I'm not opposed to including NexViT, but, as with @bonlime, I'm not a fan of the pooling as orginally implemented and think it should be improved.
In my recent CoAtNet / MaxViT work I hit similar requirements to do spatial pooling in regions that would normally be BLC layout. The reshape + permutes are always a bit awkward. I ended up bechmarking options and using BCHW ended up only having a minor impact (on GPU) and was quite a bit better for PyTorch XLA on TPU. https://github.com/rwightman/pytorch-image-models/blob/master/timm/models/maxxvit.py#L714
I noticed the PR, it will require some additional work to be mergable in timm, recent maxxvit.py, gcvit.py, mvitv2 should serve as examples for what needs to be implemented to pass the tests. torchscript must be supported, and thus einops must be removed.

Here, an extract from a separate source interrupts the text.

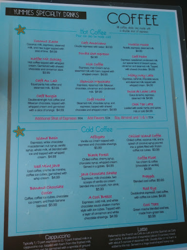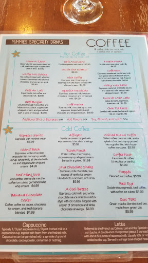 I was recently in South Padre Island and am glad I stopped at Yummies for brunch and coffee. I was greeted as I walked in, tended to relatively quick and I wish I could remember the coffee that I ordered because it was so good. It was served in a large cup and was called something like "coconut zest". The food was good, tasted home-made (authentic Mexican). The atmoshpere has a European feel to it. I believe it may be a wi-fi hotspot as well because there were a few customers with laptops. Im definitely going back there next time Im in South Padre Island.

Something else to note, using the 'fast norm' options in timm now improves BCHW especially, without the upcast to float32 caused by builtin torch LayerNorm (or GN), channels_last layout will be faster for highly convolutional regions... I've tested this on ConvNeXt and CoAtNet architectures... there is still ? as to whether disabling the float32 upcast impacts training of the larger models, I've satisfied myself that it does not notably impact smaller model scale training (why it is still an optional flag to be enabled)